Input ->
^^^^

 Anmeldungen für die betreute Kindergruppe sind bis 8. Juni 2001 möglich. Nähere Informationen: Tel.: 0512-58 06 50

^^^^

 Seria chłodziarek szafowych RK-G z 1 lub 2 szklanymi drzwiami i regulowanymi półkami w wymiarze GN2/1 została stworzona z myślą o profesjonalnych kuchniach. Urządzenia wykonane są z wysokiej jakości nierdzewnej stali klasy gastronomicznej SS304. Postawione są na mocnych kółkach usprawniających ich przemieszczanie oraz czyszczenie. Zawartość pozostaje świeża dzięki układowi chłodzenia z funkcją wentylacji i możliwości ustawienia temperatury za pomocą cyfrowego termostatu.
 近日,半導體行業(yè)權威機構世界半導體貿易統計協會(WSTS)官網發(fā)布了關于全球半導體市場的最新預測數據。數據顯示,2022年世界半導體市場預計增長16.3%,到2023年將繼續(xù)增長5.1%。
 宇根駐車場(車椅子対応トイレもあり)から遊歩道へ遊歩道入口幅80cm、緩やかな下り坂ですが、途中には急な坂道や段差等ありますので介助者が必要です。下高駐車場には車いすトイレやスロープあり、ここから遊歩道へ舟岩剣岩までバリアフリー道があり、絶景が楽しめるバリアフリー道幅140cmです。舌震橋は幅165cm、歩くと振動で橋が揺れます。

^^^^

About this exercise ->
Only one stretch of the records above is wanted: the lines between the one holding "Seria chłodziarek szafowych" and the one holding "宇根駐車場(車椅子対応トイレ", inclusive, reproduced exactly.

Written response ->
 Seria chłodziarek szafowych RK-G z 1 lub 2 szklanymi drzwiami i regulowanymi półkami w wymiarze GN2/1 została stworzona z myślą o profesjonalnych kuchniach. Urządzenia wykonane są z wysokiej jakości nierdzewnej stali klasy gastronomicznej SS304. Postawione są na mocnych kółkach usprawniających ich przemieszczanie oraz czyszczenie. Zawartość pozostaje świeża dzięki układowi chłodzenia z funkcją wentylacji i możliwości ustawienia temperatury za pomocą cyfrowego termostatu.
 近日,半導體行業(yè)權威機構世界半導體貿易統計協會(WSTS)官網發(fā)布了關于全球半導體市場的最新預測數據。數據顯示,2022年世界半導體市場預計增長16.3%,到2023年將繼續(xù)增長5.1%。
 宇根駐車場(車椅子対応トイレもあり)から遊歩道へ遊歩道入口幅80cm、緩やかな下り坂ですが、途中には急な坂道や段差等ありますので介助者が必要です。下高駐車場には車いすトイレやスロープあり、ここから遊歩道へ舟岩剣岩までバリアフリー道があり、絶景が楽しめるバリアフリー道幅140cmです。舌震橋は幅165cm、歩くと振動で橋が揺れます。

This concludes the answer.